A renowned scholar of Byzantine architecture, Ousterhout was among those who inspected the summit of Constantine’s column during the recent renovation (2003-2009). His lecture will examine the oldest and most enigmatic monument of Byzantine Constantinople.

Ousterhout teaches courses in Byzantine art and architectural history and serves as the director of the Center for Ancient Studies at the University of Pennsylvania. His research focuses on the documentation, interpretation, and restoration of the vanishing architectural heritage of the eastern Mediterranean. His current fieldwork concentrates on Byzantine architecture, monumental art, and urbanism in Constantinople and Cappadocia ranging from such projects as restoring ancient churches in Istanbul to documentation and analysis of settlements in Cappadocia.

He has surveyed and excavated sites in Greece, Turkey, and Israel, but the allure of Istanbul continues to draw him back.

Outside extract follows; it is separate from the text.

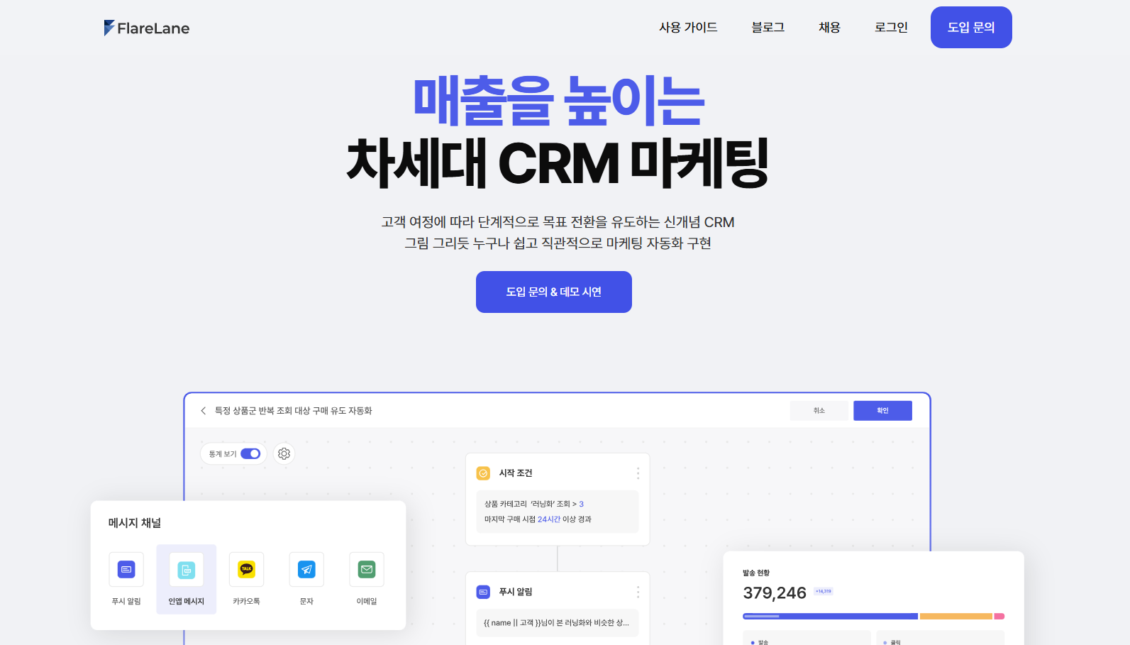 "일반적으로 CRM 솔루션은 마케팅 자동화 영역과 영업 관리(Sales CRM) 영역 두 가지로 나누어집니다. 마케팅 자동화는 고객 세그먼트 기반 캠페인 운영, 개인화 메시지 발송, 고객 여정 자동화 등을 담당하며, 영업 관리는 리드 관리와 파이프라인 관리에 초점을 둡니다. 플레어레인은 이 중에서 다채널 마케팅 자동화를 담당하는 CRM 솔루션으로, 푸시·인앱·웹푸시·카카오 비즈메시지 등 다양한 채널을 통합해 고객 커뮤니케이션을 고도화합니다."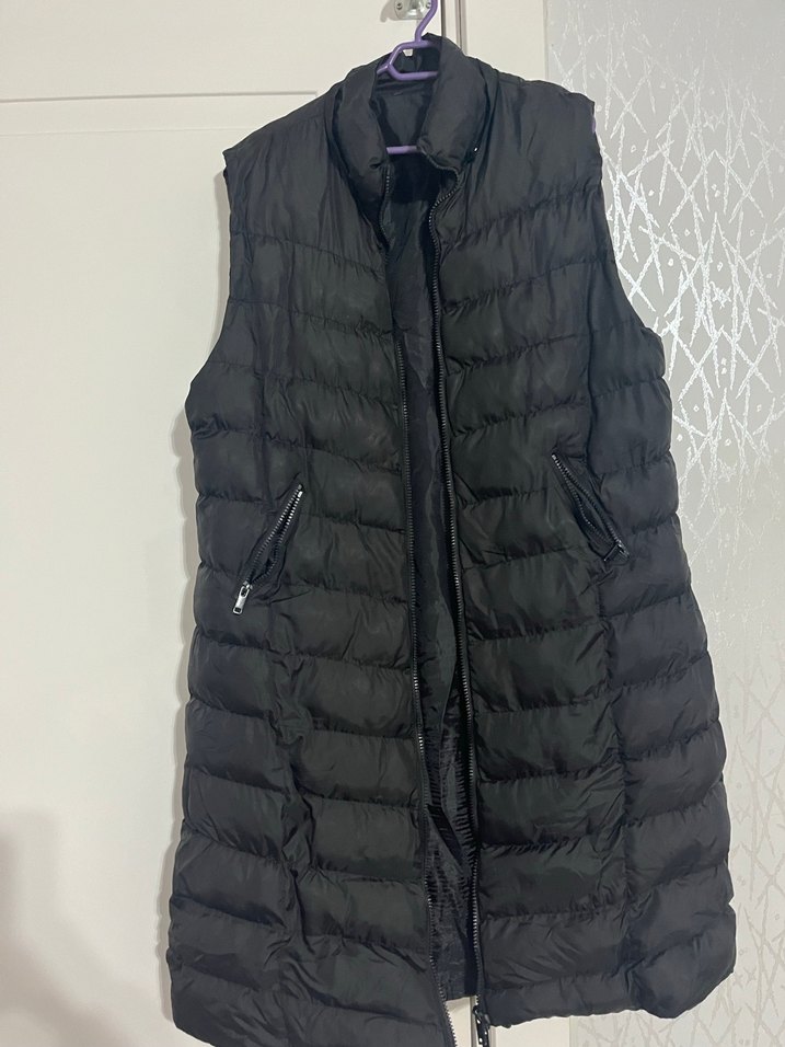 Fermuarlı cepleri ve yüksek yakası olan siyah, kolsuz midi yelek. Sentetik kumaştan, rahat ve şık bir sokak stili sunar.

In an interview with Emily Wilson, University of Oregon, he said: “The history, the city surrounded by water, the food and big city hustle and bustle all appealed to me. I knew I couldn’t just work in a library. I needed field work, and I began working directly with the documentation of monuments. I’ve since also discovered the wonders of working in rural Cappadocia.”

His abiding interest in Byzantine archaeology, art, and architecture has resulted in major publications and exhibitions, including Master Builders of Byzantium (Princeton University Press, 1999; 2nd ed., University of Pennsylvania Museum Publications, 2008), John Henry Haynes: A Photographer and Archaeologist in the Ottoman Empire 1881-1900 (Istanbul, 2011), A Byzantine Settlement in Cappadocia (Dumbarton Oaks Studies 42, Washington, DC, 2011), Kariye Camii, Yeniden/The Kariye Camii Reconsidered, edited with Holger A. Klein and Brigitte Pitarakis (Istanbul Research Institute, 2011), and Osman Hamdi Bey and the Americans: Archaeology, Diplomacy, Art, exhibition catalogue (Pera Museum, Istanbul, 2011), edited with Renata Holod.

Sponsored by the Department of History of Art and the Nashville Society of the Archaeological Institute of America, the Goldberg Lecture is free and open to the public. Limited parking is available in Lot 95 outside Cohen Hall, off 21st Avenue South on the Peabody campus and across from Medical Center East.